I spent the week before Christmas in Dundee, Scotland’s fourth city, home of the RRS Discovery and my mother’s hometown. Dundee is a world leader in biomedicine and biotechnology, but not much else, least of which in cuisine: pie on a roll is a staple (though personally well-loved) meal.
Forty minutes from Dundee’s gray- and brown-brick streets and foggy river (the River Tay is well-known for being the subject of one of the English language’s worst poems) is St. Andrews, the home of golf and a town more liberally bestowed with architectural beauty. Hell, Prince William went to university here - as did his now-wife, Catherine Middleton. (Admittedly, I’m only mentioning Kate Middleton to bring up memories of her sister’s perfectly symmetrical behind, of which my housemate is quite a fan.)

I traveled there with my family for a day trip on a day that turned out to be rather miserable. Although we’ve had an unseasonably mild Christmas in the UK, St. Andrews always seems to be windy. (It’s what makes its golf so menacingly difficult.) Luckily, there was a wonderful bottle store in the centre of town that I could seek refuge in.

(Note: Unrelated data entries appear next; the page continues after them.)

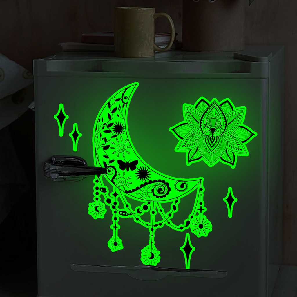 Detail Glow Moon Lotus Stiker Dinding Glow Ruang Tamu Perekat Diri Dekoratif Dinding Decals
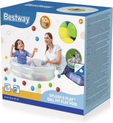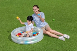 Univerzálny nafukovací bazénik 2v1 od značky BESTWAY slúži ako brodítko aj suchý bazénik na loptičky. Kompaktné rozmery 91 × 20 cm, 50 farebných loptičiek v balení, odolný vinyl a bezpečnostné ventily zaistia bezpečnú a zábavnú hru doma aj na záhrade.
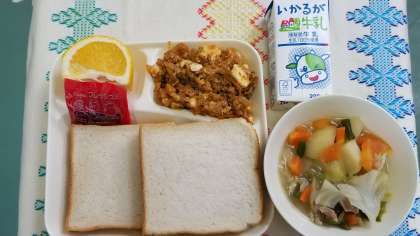 本日の献立は、とうふのミートグラタン、スープ煮、はっさくです。
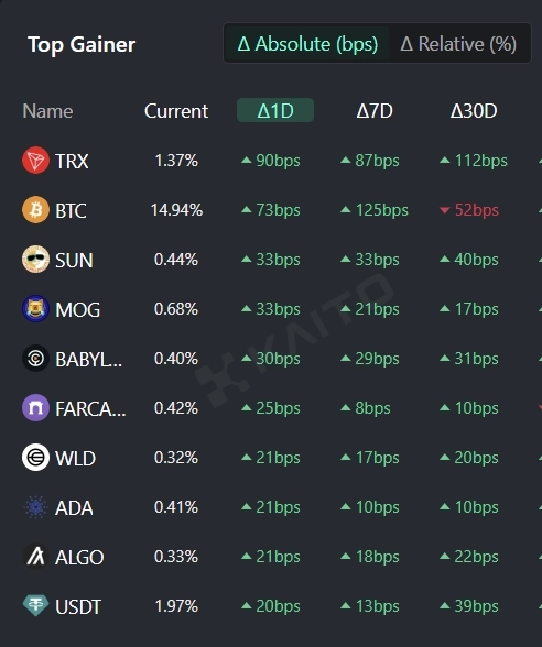 - 트론(TRX): 트론은 최근 네트워크 수익이 이더리움을 넘어서며, 90일 수익이 약 4억3000만달러로 이더리움의 약 3억6000만달러보다 높았다고 밝혔다.
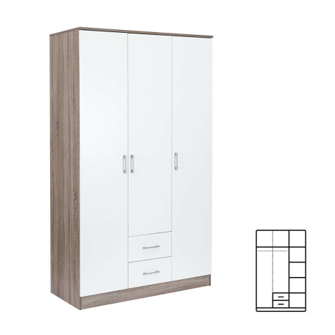 Teljes Leziter Miami gardróbszekrény 120x205 cm fehér-yorki tölgy termékleírás
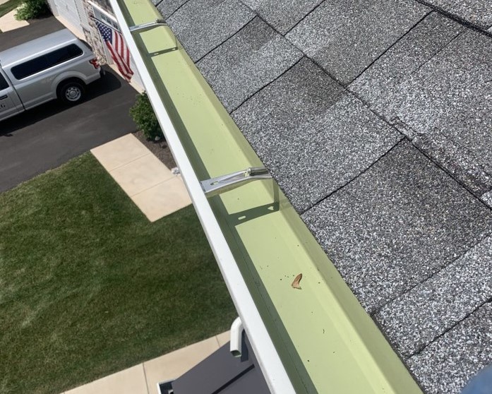 We can safely get close enough to the gutter to clean the outside of the gutter during a house wash, and with a pressure washing rod that loops 180, we can easily blow out the grime and clean it up later on the grass below. We would then go up to the gutter and peak in if the gutter was totally empty or not and drains well.

Simply put, Luvians is the best bottle store I’ve had the pleasure to step into. Luvians works with 16 suppliers to bring a comprehensive selection of British and international beers to their well-stocked shelves. Expect to find local rarities, small batches and (almost) inexhaustible variety here. And if you’re overwhelmed (as I was), it’s good to know that their staff really know their beer, whiskeys, and - pleasingly - their cigars, too.



There’s also around a dozen good bars in St. Andrews. The Keys Bar on Market Street was a nice warm hole, but it unfortunately lacked cask ales, something which usually makes or breaks my perceptions of a British pub. The staff were lovely, however, and the banter between the local patrons was entertaining and welcoming. St. Andrews, though undeniably a tourist and student town, has a thriving and warm local community of football lovers and arguing families, and not just golfers and posh boys.

The dearth of ales in the Keys was mitigated not only by the locals, but also by the two local stouts recommended to me by Jamie, the helpful, knowledgeable and friendly bloke who helped me at Luvians. First was Black Isle’s Hibernator Oatmeal Stout. Spicy-toasted and a little porridgy, the roast on this organic stout lends both a satisfying creamy mouthfeel and a pleasingly unrefined finish to it, which would be pleasing enough if it didn’t also come alive with touches of dried dark fruit, burnt coffee and toffee. Despite its heaviness in flavour and 7.2% a.b.v., it’s an oddly refreshing beer, prickly and tongue-smackingly tasty. It’s a very good stout, and unlike anything available in South Africa.
Luckie Ale’s Russian Imperial Stout, made about 30 minutes from St. Andrews in Cupar, is even better. A relatively unknown beer, it pours an impenetrable black with a lacy brown head. Get stuck in: it requires a slow and savouring drinker to decipher it. Although I hear it differs noticeably from batch to batch, my bottle abounded with heavy-roasted oatmeal and cereal, as did the Black Isle Hibernator – but this was deeper, accompanied by strong coffee, a little chocolate (sweet, not cacoa-ish) and a nuttiness that developed the more I sipped at it. It’s well-rounded, soft on the mouth but deep on the palate. By the end of it, I needed a nap – and napped happily I did.
Needless to say, like Luvians Bottle Shop, both of these beers are highly recommended.